We next went to Clignancourt, to one of Paris’s major Sunday flea markets. There are many vendors set up in the streets selling mostly jeans, T-shirts, and sunglasses, and other tourist items, but there is also an indoor area with many, many stalls offering better items, mostly antiques and memorabilia. There were stores selling everything from theater fixtures to furniture to African art to Hollywood movie posters. Spent a pleasant few hours there.

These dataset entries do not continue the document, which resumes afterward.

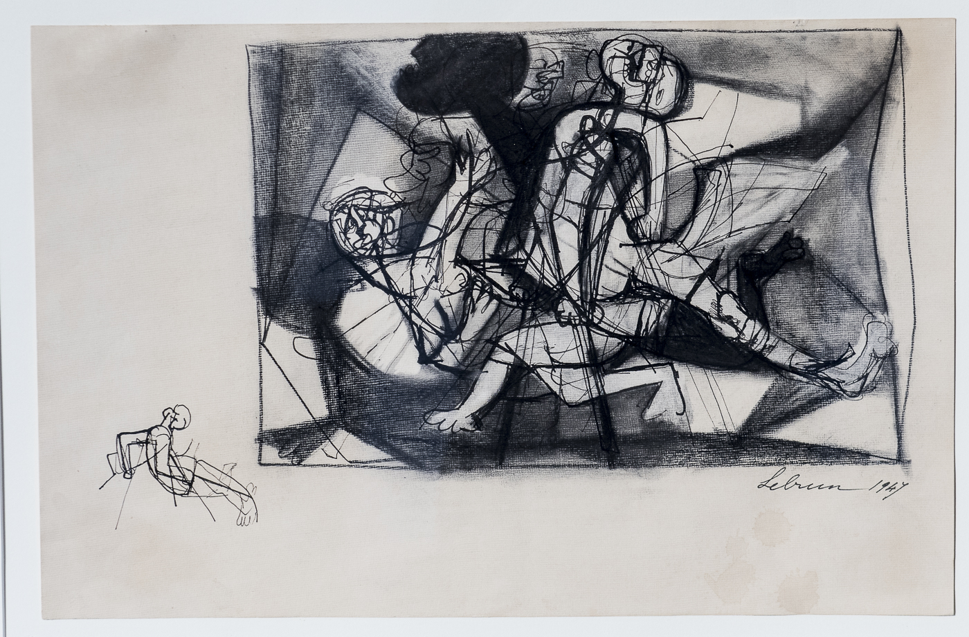 I have been getting some very interesting material for the show, including a beautiful mixed media drawing from 1947 by Rico Lebrun. This work on paper is in what appears to be its original frame, which measures 24 x 30″. A fabulous example of this pivotal artist’s work.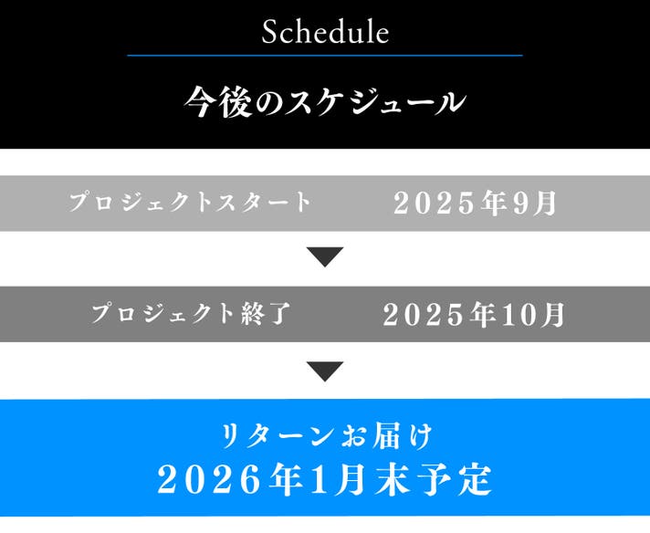 このプロジェクトはAll in型です。目標金額の達成に関わらず、プロジェクト終了日の2025年10月29日までに支払いを完了した時点で購入が成立します。
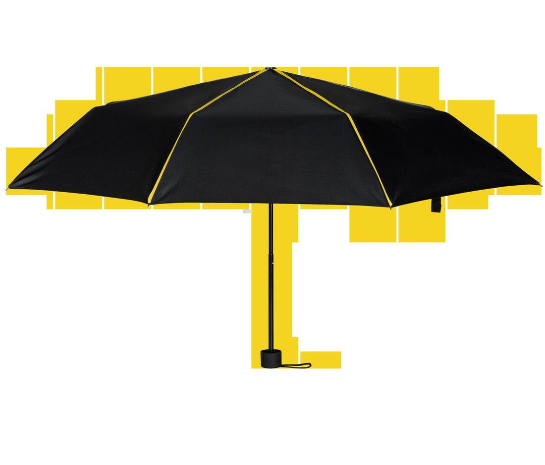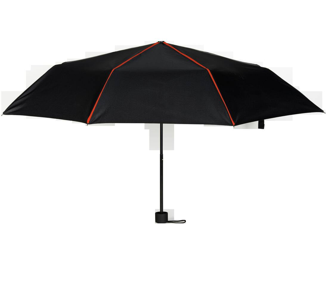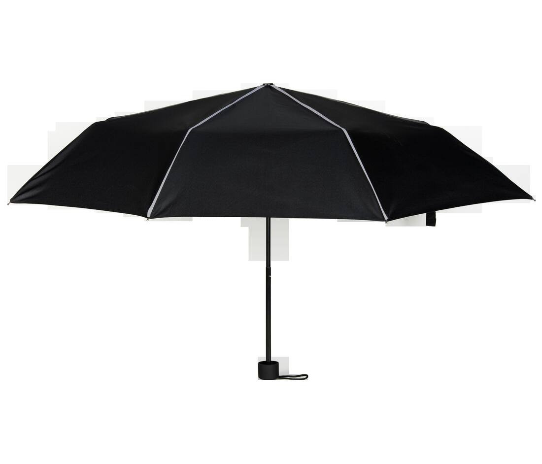 Mini vihmavari. Võib kolmeks voltida oma hoiukatte sisse. Läbimõõt: 54 cm. 2 kontrastset äärispaela.
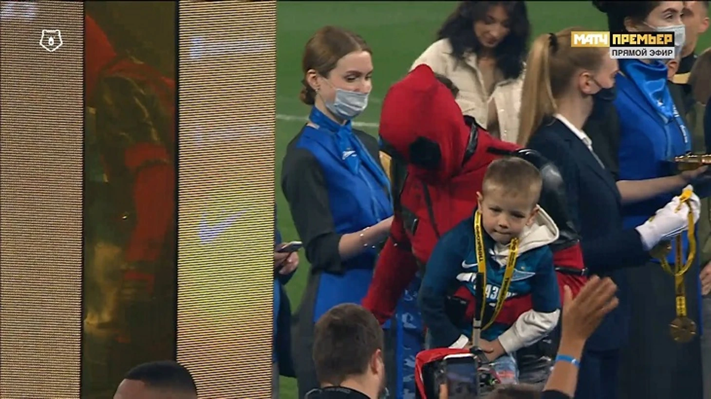 Дзюба в костюме Дэдпула – такого награждения мы еще не видели. Отдал медаль сыну!

Later we went to St. Denis, a northern suburb of Paris, not far from Clignancourt. We visited the Basilica of St. Denis and the royal tombs there. Nearly all of France’s kings and queens (not to mention many princes, princesses, and other nobles) were buried here, going back to people like Clovis, who reigned in the 600s. Apparently the bodies are mostly gone--having been dug up and dumped in mass graves during the Revolution--but the stone sarcophagi (nearly all with a recumbent figure of the occupant--Henry II in the photo here) are there in their original positions. The church itself is pretty--much more delicate and open than I was expecting, with fully developed flying buttresses. This is usually said to be the first Gothic-style cathedral. Nearly all of the original stained glass has been removed for restoration. It’s been replaced for the time being with photographic reproductions of the glass, which sounds horrible, but it’s actually very difficult to tell--which is remarkable in itself. Nowhere can you get close enough to examine the surfaces, but I doubt you’d  know if you didn’t already know.

After dinner, went to the highest level of the Eiffel Tower for the first time. When I’ve been there in the past, the upper deck has always been closed. The view from the lower deck is fairly impressive, but the top allows you to see virtually all of Paris. There were crowds even at midnight. The area around the tower is swarming with vendors, mostly Africans, all selling identical souvenirs. I wonder why no one tries anything original? In the photo here, the beam of the tower spotlights is passing by.